======== Supplied information ========

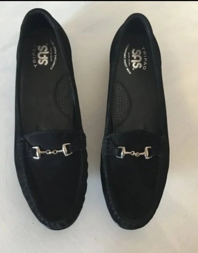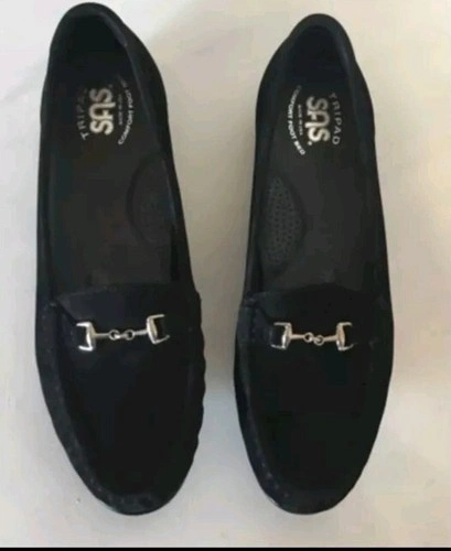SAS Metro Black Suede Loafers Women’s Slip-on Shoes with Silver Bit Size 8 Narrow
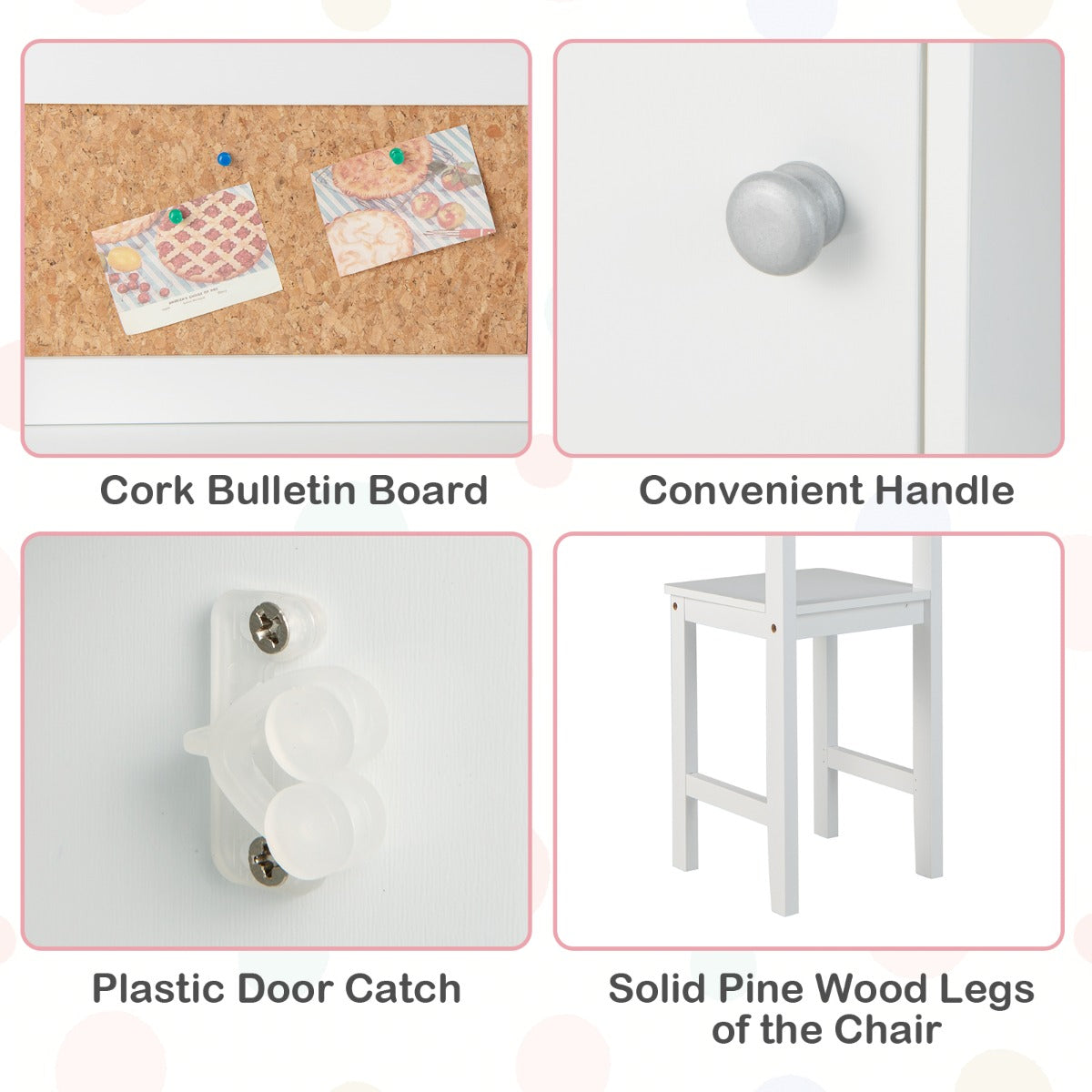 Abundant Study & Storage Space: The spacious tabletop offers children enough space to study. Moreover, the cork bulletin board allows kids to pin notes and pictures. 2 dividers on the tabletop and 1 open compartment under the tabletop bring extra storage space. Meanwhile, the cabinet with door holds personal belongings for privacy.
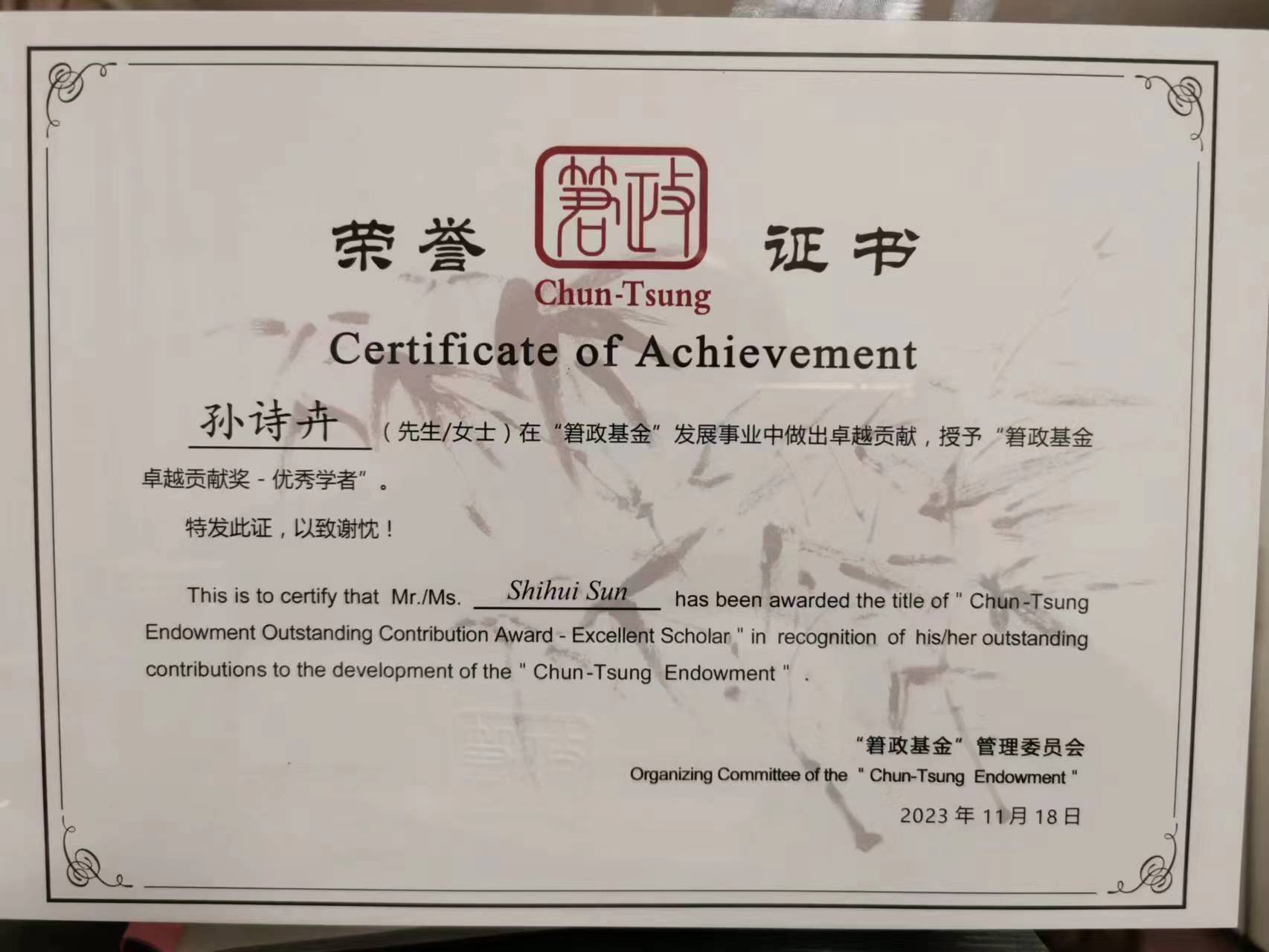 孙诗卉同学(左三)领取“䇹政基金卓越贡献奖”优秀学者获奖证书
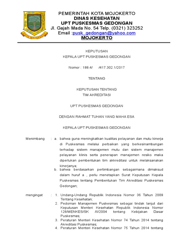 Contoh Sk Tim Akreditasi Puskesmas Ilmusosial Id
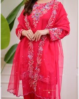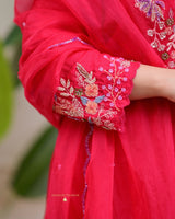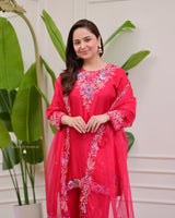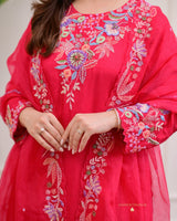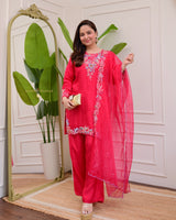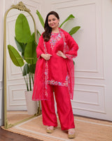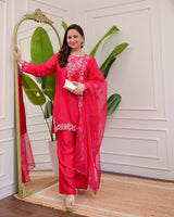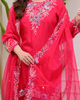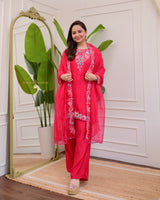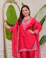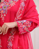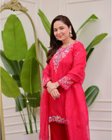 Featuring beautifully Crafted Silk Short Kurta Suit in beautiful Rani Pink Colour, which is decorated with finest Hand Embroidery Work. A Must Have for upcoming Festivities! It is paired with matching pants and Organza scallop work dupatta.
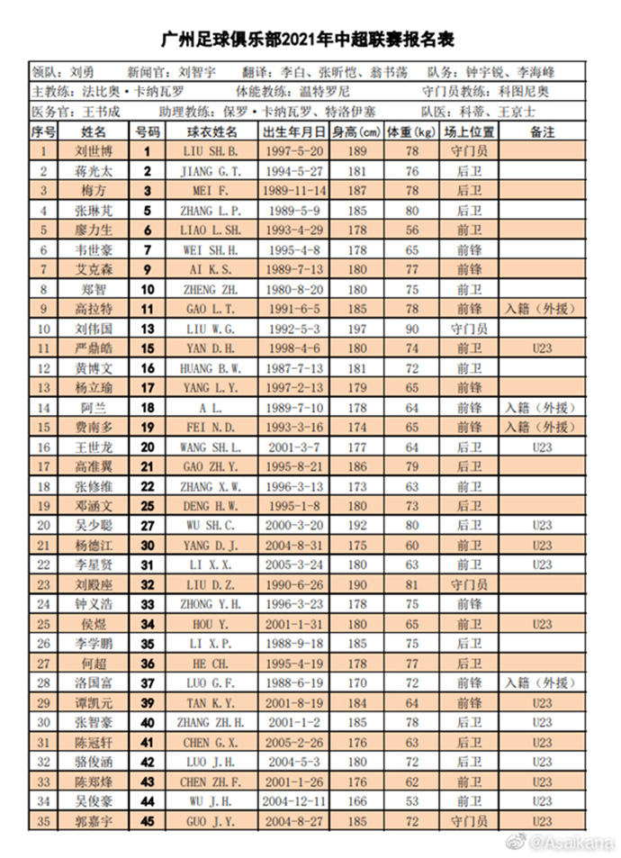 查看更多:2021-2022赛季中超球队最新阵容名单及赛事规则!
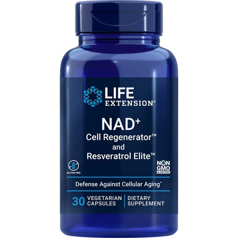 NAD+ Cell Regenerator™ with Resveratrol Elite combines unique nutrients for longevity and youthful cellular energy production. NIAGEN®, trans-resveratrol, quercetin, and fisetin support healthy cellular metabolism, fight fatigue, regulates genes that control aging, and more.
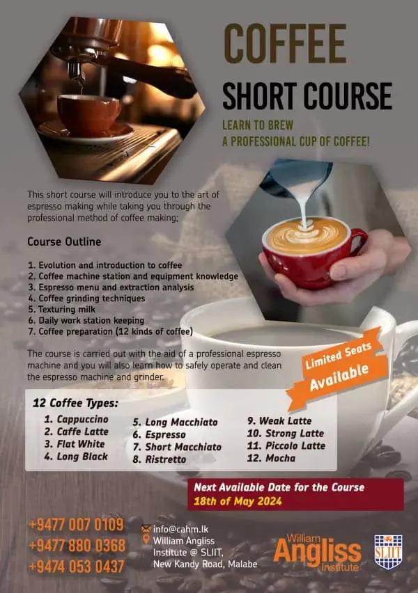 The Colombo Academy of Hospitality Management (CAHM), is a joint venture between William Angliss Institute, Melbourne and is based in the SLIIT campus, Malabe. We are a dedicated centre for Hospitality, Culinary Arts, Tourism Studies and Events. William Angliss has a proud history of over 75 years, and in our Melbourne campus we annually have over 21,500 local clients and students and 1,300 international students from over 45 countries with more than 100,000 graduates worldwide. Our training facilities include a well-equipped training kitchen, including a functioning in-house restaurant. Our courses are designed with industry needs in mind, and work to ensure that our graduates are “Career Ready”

========

A word-for-word copy of every entry, with the pictures left out, is the required answer.

SAS Metro Black Suede Loafers Women’s Slip-on Shoes with Silver Bit Size 8 Narrow
 Abundant Study & Storage Space: The spacious tabletop offers children enough space to study. Moreover, the cork bulletin board allows kids to pin notes and pictures. 2 dividers on the tabletop and 1 open compartment under the tabletop bring extra storage space. Meanwhile, the cabinet with door holds personal belongings for privacy.
 孙诗卉同学(左三)领取“䇹政基金卓越贡献奖”优秀学者获奖证书
 Contoh Sk Tim Akreditasi Puskesmas Ilmusosial Id
 Featuring beautifully Crafted Silk Short Kurta Suit in beautiful Rani Pink Colour, which is decorated with finest Hand Embroidery Work. A Must Have for upcoming Festivities! It is paired with matching pants and Organza scallop work dupatta.
 查看更多:2021-2022赛季中超球队最新阵容名单及赛事规则!
 NAD+ Cell Regenerator™ with Resveratrol Elite combines unique nutrients for longevity and youthful cellular energy production. NIAGEN®, trans-resveratrol, quercetin, and fisetin support healthy cellular metabolism, fight fatigue, regulates genes that control aging, and more.
 The Colombo Academy of Hospitality Management (CAHM), is a joint venture between William Angliss Institute, Melbourne and is based in the SLIIT campus, Malabe. We are a dedicated centre for Hospitality, Culinary Arts, Tourism Studies and Events. William Angliss has a proud history of over 75 years, and in our Melbourne campus we annually have over 21,500 local clients and students and 1,300 international students from over 45 countries with more than 100,000 graduates worldwide. Our training facilities include a well-equipped training kitchen, including a functioning in-house restaurant. Our courses are designed with industry needs in mind, and work to ensure that our graduates are “Career Ready”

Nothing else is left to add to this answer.